We write vector \({\mathbf{V}} = {(v_{e_1},v_{e_2},...,v_{e|{\cal{M}}|})}^{T}\), matrix \({\cal{B}} = |B_{e_i,e_j}|_{|{\cal{M}}| \times |{\cal{M}}|}\) (known as a non-backtracking matrix), 1=(1, 1,..., 1)T|M|, and vector \({\mathbf{N}}_E = (n_{o_{e_1}},n_{o_{e_2}},...,n_{o_{e_{|{\cal{M}}|}}})^{T}\), and use circle to indicate Hadamard product, and Eq. (8) can then be rewritten as

$${\mathbf{V}} = {\mathbf{N}}_E\circ[\mathbf{1} - e^{{\cal{B}}ln(\mathbf{1} - {\mathbf{V}})}].$$
(9)

After solving Eq. (9) and putting the solution V back into Eq. (5), we use Eq. (3) to find the giant connected component under failure condition n.

We propose the following algorithm to solve Eq. (9).
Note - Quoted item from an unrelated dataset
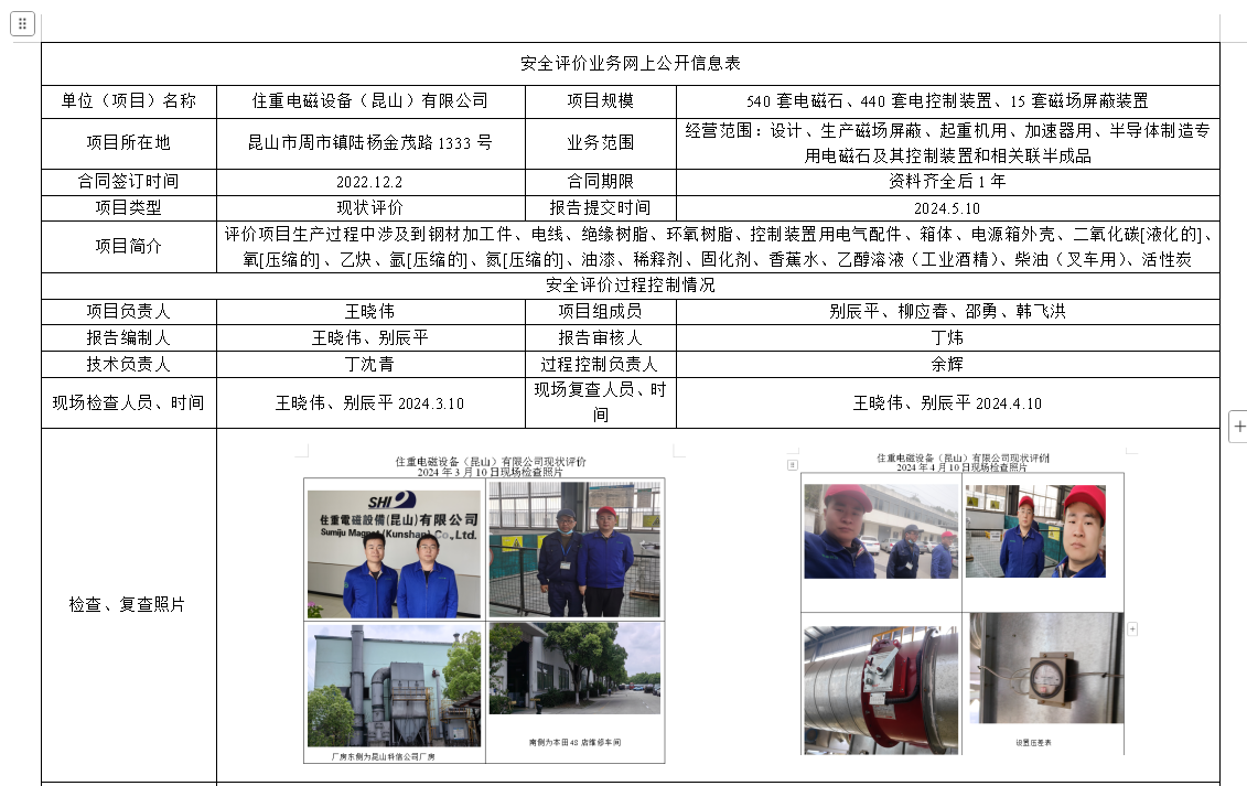 住重电磁设备(昆山)有限公司安全现状评价

Step 1. Initialize the vector V and direct failure condition n. A random number v0,i ~ U(0, 1) is placed on each edge i of the spatial network (denoted \({\mathbf{V}}_0 = (v_{o,1},v_{o,2},...,v_{o,|{\cal{M}}|})^{T}\). We obtain the value of NE according to direct failure condition n.

Step 2. Update the vector V. We calculate \({\mathbf{V}} = {\mathbf{N}}_E\circ[\mathbf{1} - e^{{\cal{B}}ln(\mathbf{1} - {\mathbf{V}}_0)}]\) using Eq. (9).

Step 3. Check for accuracy. If |V − V0| < δ (where we set δ = 0.0001 in this study), go to Step 4; else set V0 = V and go to Step 2.

Step 4. Calculate vi. Put the solution V back into Eq. (5) and obtain the value of vi.

Step 5. Calculate P(n). Using Eq. (3), we obtain the value of the fraction of nodes in the giant component under direct failure condition n.